• _How to complete this task_
Below are some records. Output the lines from the first one through the line that holds "MMA & Boxing (Pair)", exactly as written, with no pictures.
Records for the exercise START
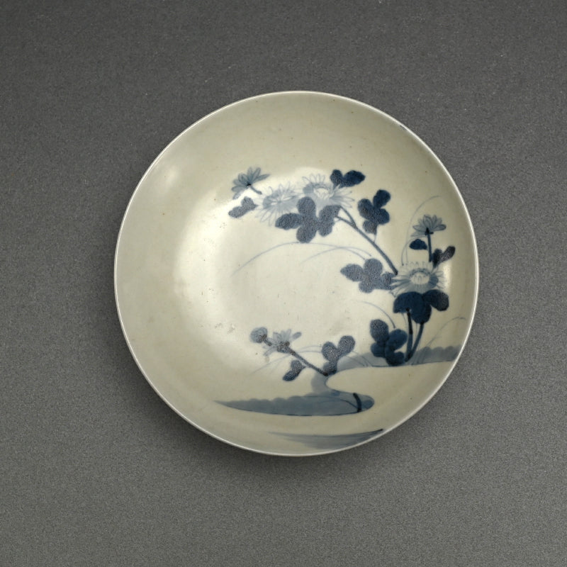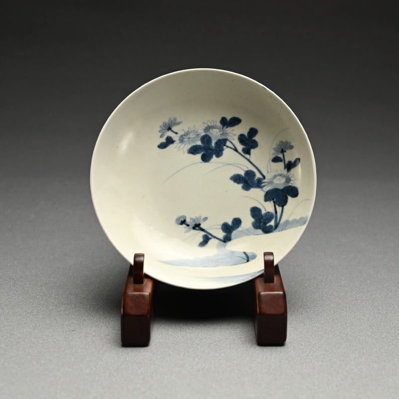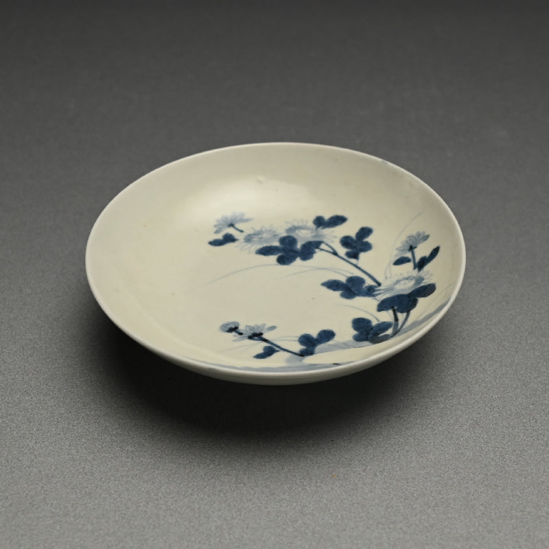 Antique Japanese Hirado Porcelain Dish, Wild Chrysanthemum
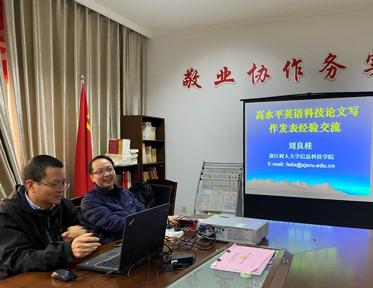 接着为进一步推进支部引领中心工作,支部建设服务中心工作的中心思想,结合学院整体部署安排,支部针对学科建设拟开展以下工作:围绕学校及学院在学科建设的重点发展规划,落实骨干党员在学科建设中的关键作用,充分发挥博士、教授等骨干党员的专业特长,为学院的相关学科建设出谋划策;同时持续推动支部党员骨干在产学融合中的作用,梳理总结近几年教师党员在校企产学研合作与社会服务开展情况,挖掘资源,申报教学、科研成果奖,服务学院学科、专业建设与人才培养。为此陈友荣书记就近期学校出台的《浙江树人学院科研促进办法》和《浙江树人大学横向项目管理办法》等科研文件进行了详细讲解,全体党员深受鼓舞,纷纷表态发挥党员先锋带头作用,发心科研助力学院申硕。
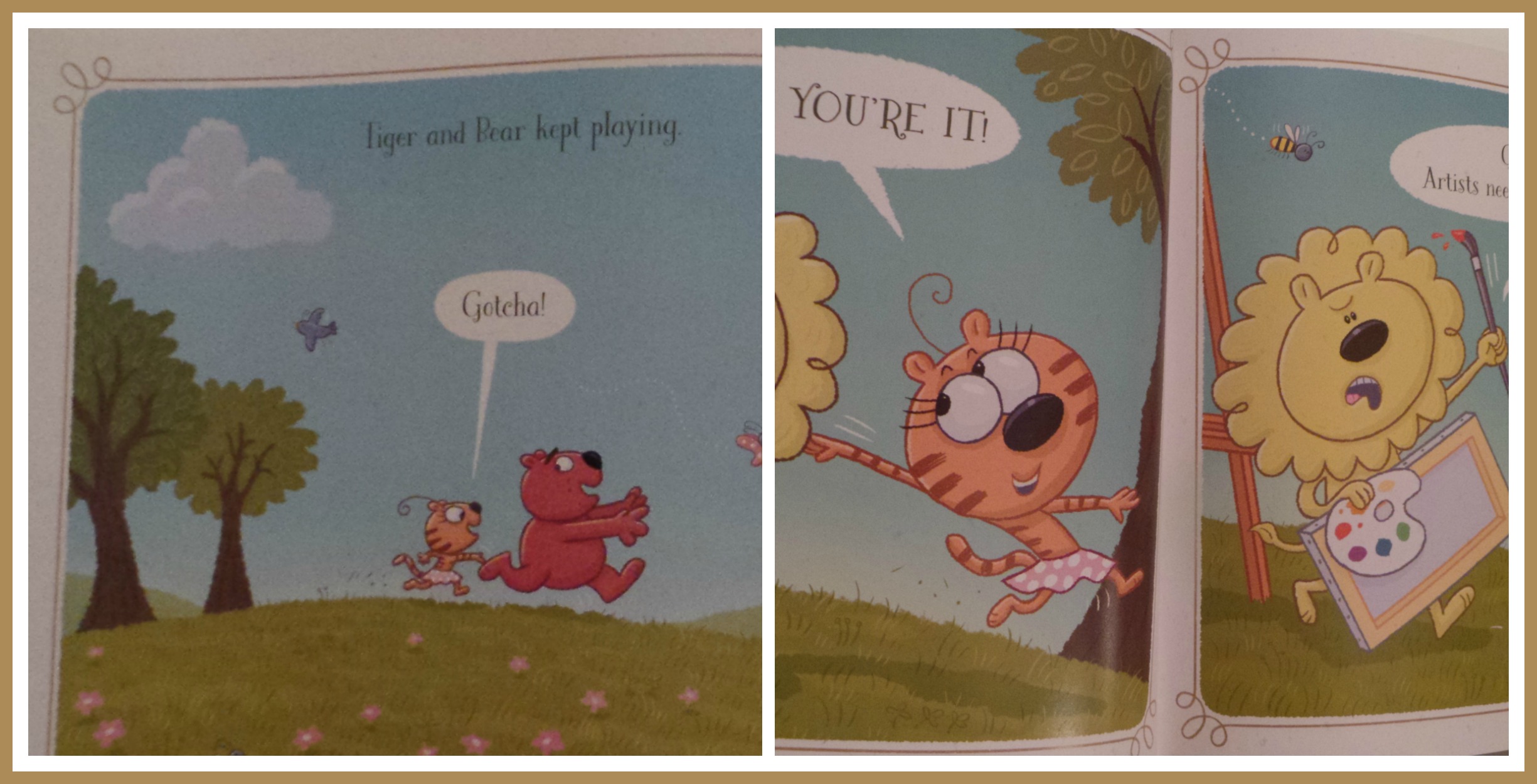 Lion in Lion & Tiger & Bear is an artist and all he wants to do at this moment is paint. He’s got his easel out, paint on the ground but is constantly being bothered by bear or tiger to play tag. It’s a simple premise that is played out very well in a way that kids will understand and learn from, much like our old-soul older son.
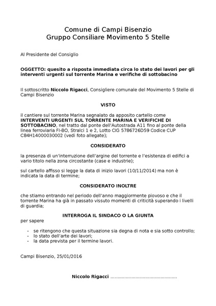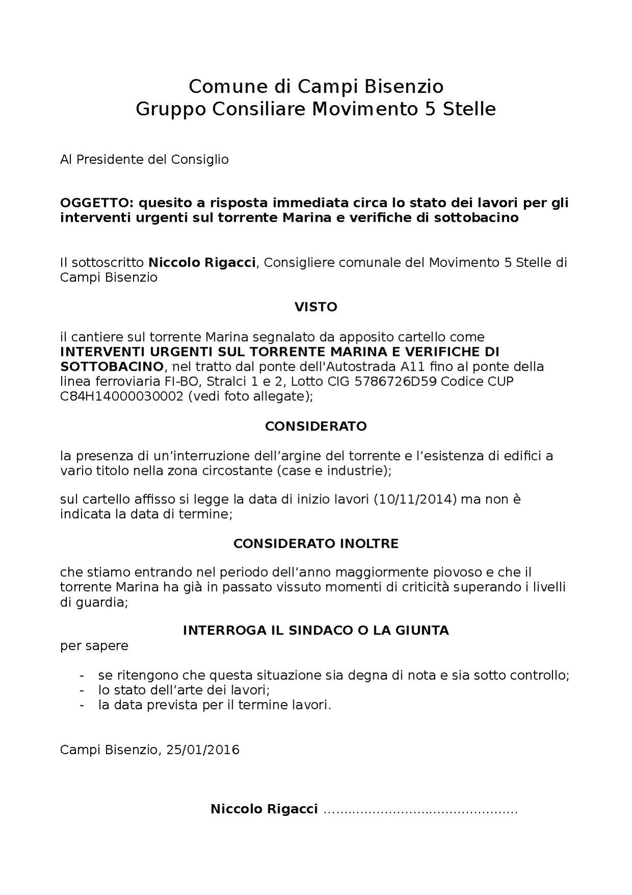 Quesito a risposta immediata circa lo stato dei lavori per gli interventi urgenti sul torrente Marina e verifiche di sottobacino - Consiglio comunale 26 gennaio 2016.
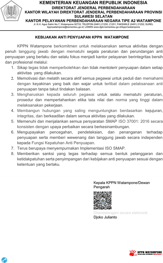 Melalui implementasi Standar Layanan ini, KPPN Watampone terus berkomitmen mendukung terwujudnya birokrasi yang profesional, berintegritas, dan berorientasi pada pelayanan prima, sejalan dengan agenda Reformasi Birokrasi Kementerian Keuangan dan Direktorat Jenderal Perbendaharaan.
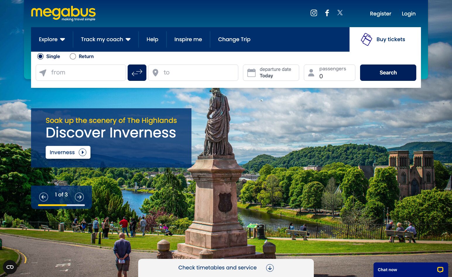 格安の長距離バス会社。早期予約で1£もあり、学生やバックパッカーにも人気。
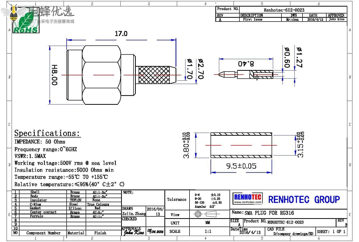 - sma连接器,同轴线缆,压接,直式,公头,RG316,RG174;
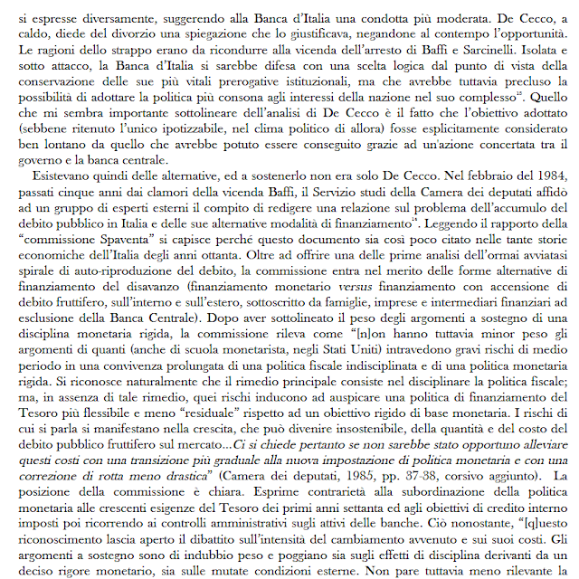 Ed è da questa fissità dei cambi, sempre voluta dall'€uropa federale e dell'economia sociale di mercato, che discendevano gli alti costi del deficit e del debito pubblico, che provocarono, da subito, un tale onere da indurre, nel 1984, la formazione di una commissione parlamentare di indagine sul debito pubblico dentro lo SME e a seguito del divorzio tesoro-Bankitalia.
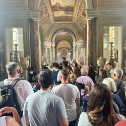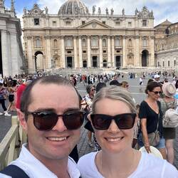 After the provided breakfast at the Vatican (Italians can’t cook eggs but can make a great pancake) we made our way through the masses, we dodge, duck, dived and weaved through the crowd - it was humid too - so we skipped going back through most sites as once you’ve seen a few statues, you’ve seen enough of them in that heat! We went onto St. Peter’s Basilica through an entry point off the Sistine chapel the tour guide told us about so we didn’t have to line up for 3 hours!
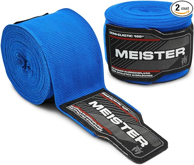 Meister Adult 180" Semi-Elastic Hand Wraps for MMA & Boxing (Pair)
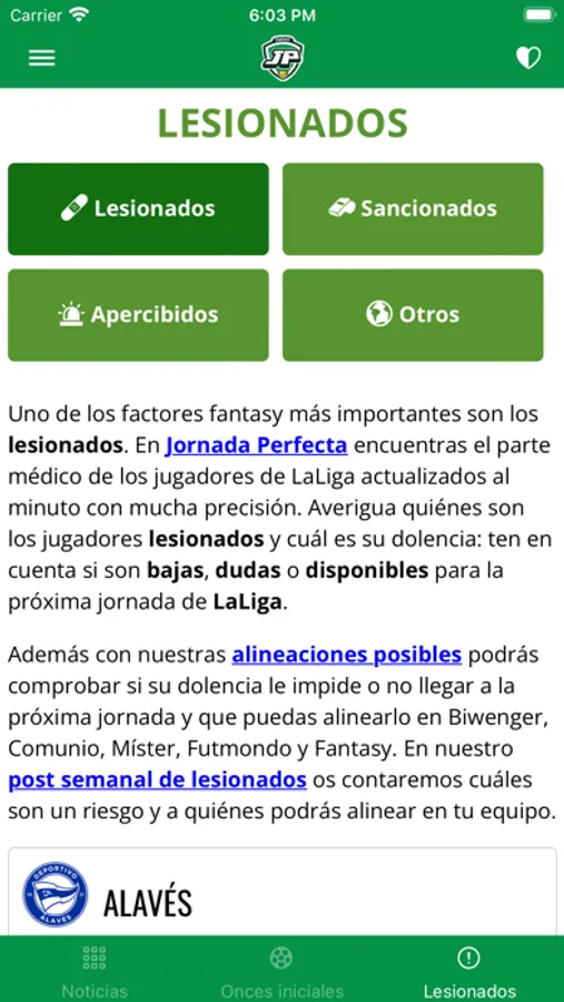 Jornada Perfecta es una app donde encuentras toda la información para ser el mejor manager fantasy en plataformas como Biwenger, Comunio y Futmondo. La app tiene una sección principal con la actualidad y noticias de LaLiga en clave fantasy: análisis de compra y venta, mejores jugadores, onces ideales, lesiones importantes, etc. Además, se complementa con secciones claves como la de Onces Posibles, Puntuaciones, Lesionados, Sancionados, Estadísticas y Cronistas.
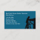 Construction business cards in a theme for roofing and house gutters created with a graphic of a contractor working on a roof and gutter cleaning.
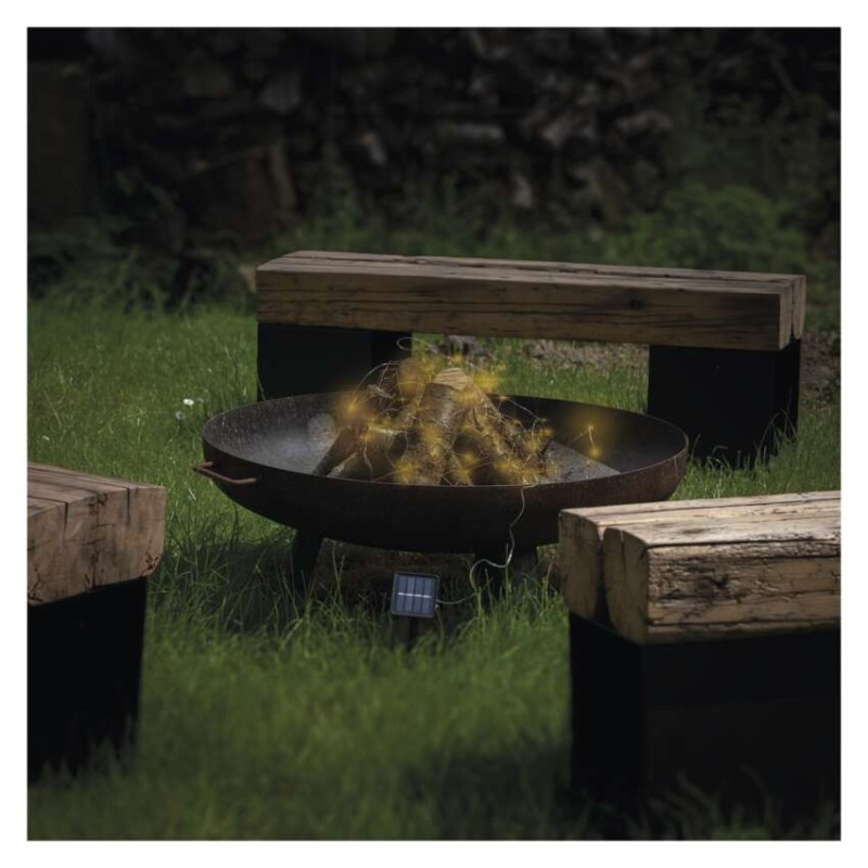 LED nano reťaz so solárnym panelom, medená, 12 m, vonkajšia aj vnút., teplá biela, časovač
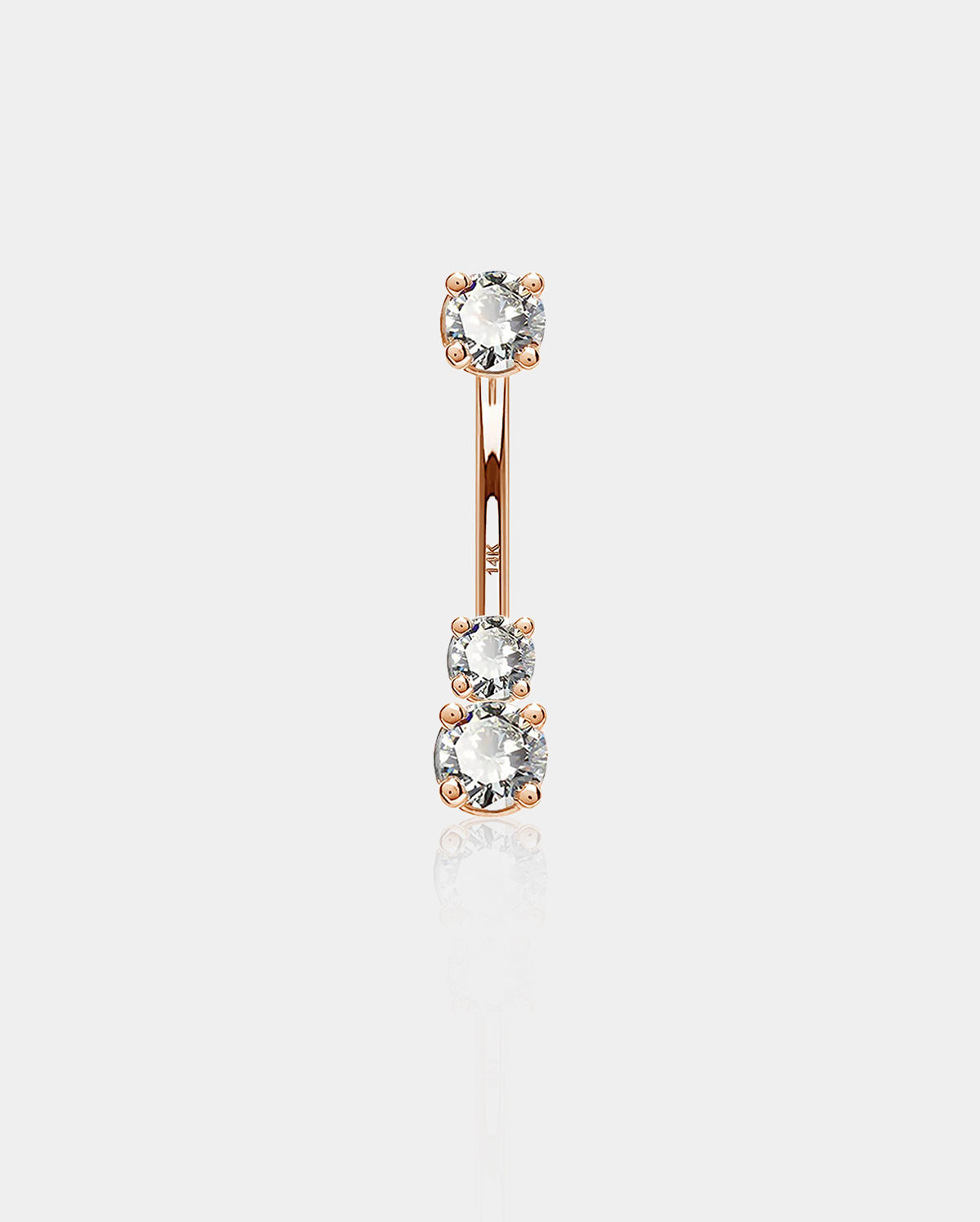 14K Rose Gold Three Round CZ Belly Ring
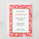 Patrón festivo floral de poinsettia roja y rosa en una plantilla de invitación editable con guion y letras de bloque en rojo y verde.
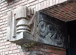 | 1913 | Reliëf socialistische strijd | Arie van der Lee? | Taco Mesdagplein 7 | Groningen | zandsteen |
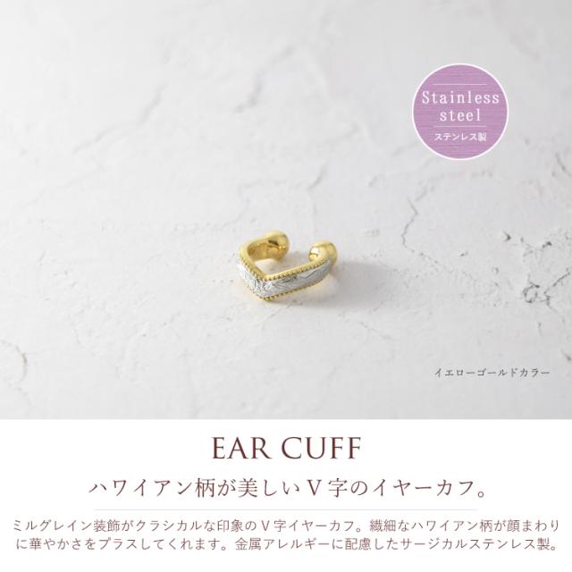 ハワイアンジュエリー イヤーカフ 金属アレルギー対応 V字 ステンレス レディース メンズ 男女兼用 イヤーカフス イヤカフ イヤリング 片耳用 キャッチレス イエローゴールドカラー 軟骨 挟む トレンド ノンホールピアス 痛くない gess236yg
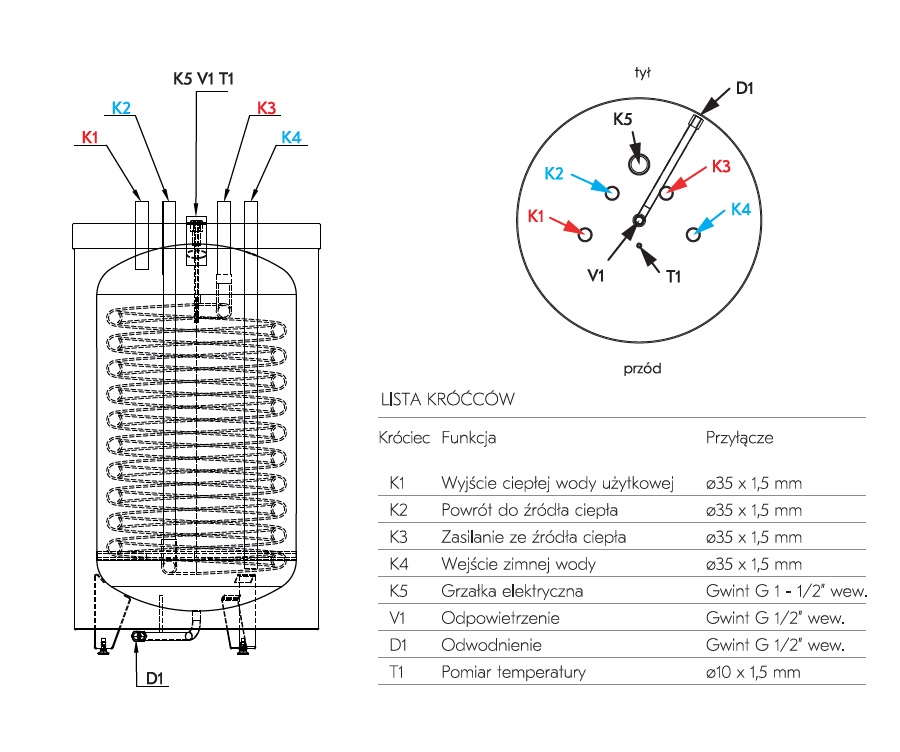 - Powierzchnia wężownicy: 2,5 m2
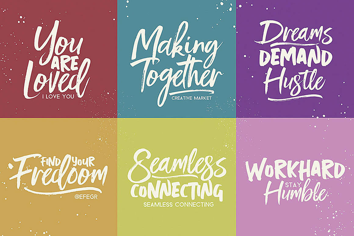 - 18 font families with 50 fonts + 15 SVG realistic brush fonts
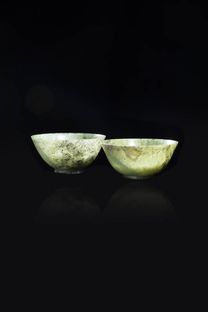 Coppia di bowl in giadeite Cina Repubblica XX sec H cm 4.5 Diam cm 10
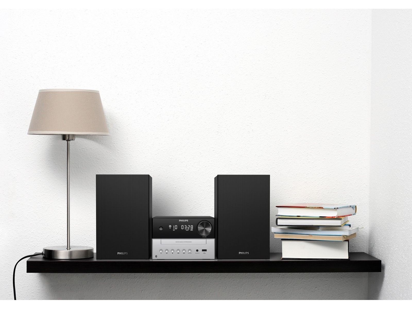 Hör mer från varje podd och spellista du streamar. Återupptäck din CD-samling eller lyssna på radion. Detta klassiska mikrosystem låter bra i mindre rum, och du kan ansluta andra källor via USB eller ljudingång.
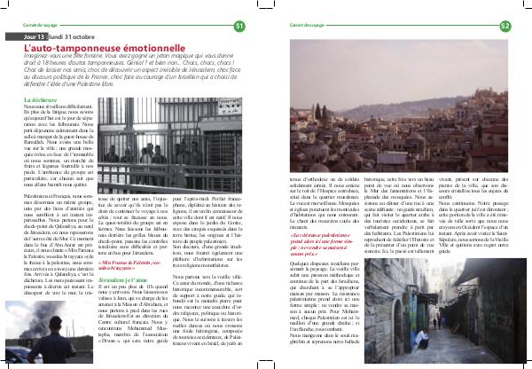 historique, cette fois vers un beau point de vue où nous observons le Mur des lamentations et l’ Esplanade des mosquées. Nous assistons au détour d’ une rue à une scène édifiante: un guide israélien, qui fait visiter le quartier arabe à des touristes occidentaux, se fait verbalement prendre à parti par des habitants. Les Palestiniens lui reprochent de falsifier l’ Histoire et de la présenter d’ un point de vue sioniste. Ici, le passé est tellement vivant, présent sur chacune des pierres de la ville, que son discours cristallise tous les enjeux du conflit. Nous continuons. Notre passage dans le quartier juif est déroutant; cette portion de la ville a été rénovée de telle sorte que nous nous croyons en Occident l’ espace d’ un instant. Après avoir visiter le Saint- Sépulcre, nous sortons de la Vieille Ville et quittons avec regret notre guide.
Records for the exercise END
• _Problem solution_
 Antique Japanese Hirado Porcelain Dish, Wild Chrysanthemum
 接着为进一步推进支部引领中心工作,支部建设服务中心工作的中心思想,结合学院整体部署安排,支部针对学科建设拟开展以下工作:围绕学校及学院在学科建设的重点发展规划,落实骨干党员在学科建设中的关键作用,充分发挥博士、教授等骨干党员的专业特长,为学院的相关学科建设出谋划策;同时持续推动支部党员骨干在产学融合中的作用,梳理总结近几年教师党员在校企产学研合作与社会服务开展情况,挖掘资源,申报教学、科研成果奖,服务学院学科、专业建设与人才培养。为此陈友荣书记就近期学校出台的《浙江树人学院科研促进办法》和《浙江树人大学横向项目管理办法》等科研文件进行了详细讲解,全体党员深受鼓舞,纷纷表态发挥党员先锋带头作用,发心科研助力学院申硕。
 Lion in Lion & Tiger & Bear is an artist and all he wants to do at this moment is paint. He’s got his easel out, paint on the ground but is constantly being bothered by bear or tiger to play tag. It’s a simple premise that is played out very well in a way that kids will understand and learn from, much like our old-soul older son.
 Quesito a risposta immediata circa lo stato dei lavori per gli interventi urgenti sul torrente Marina e verifiche di sottobacino - Consiglio comunale 26 gennaio 2016.
 Melalui implementasi Standar Layanan ini, KPPN Watampone terus berkomitmen mendukung terwujudnya birokrasi yang profesional, berintegritas, dan berorientasi pada pelayanan prima, sejalan dengan agenda Reformasi Birokrasi Kementerian Keuangan dan Direktorat Jenderal Perbendaharaan.
 格安の長距離バス会社。早期予約で1£もあり、学生やバックパッカーにも人気。
 - sma连接器,同轴线缆,压接,直式,公头,RG316,RG174;
 Ed è da questa fissità dei cambi, sempre voluta dall'€uropa federale e dell'economia sociale di mercato, che discendevano gli alti costi del deficit e del debito pubblico, che provocarono, da subito, un tale onere da indurre, nel 1984, la formazione di una commissione parlamentare di indagine sul debito pubblico dentro lo SME e a seguito del divorzio tesoro-Bankitalia.
 After the provided breakfast at the Vatican (Italians can’t cook eggs but can make a great pancake) we made our way through the masses, we dodge, duck, dived and weaved through the crowd - it was humid too - so we skipped going back through most sites as once you’ve seen a few statues, you’ve seen enough of them in that heat! We went onto St. Peter’s Basilica through an entry point off the Sistine chapel the tour guide told us about so we didn’t have to line up for 3 hours!
 Meister Adult 180" Semi-Elastic Hand Wraps for MMA & Boxing (Pair)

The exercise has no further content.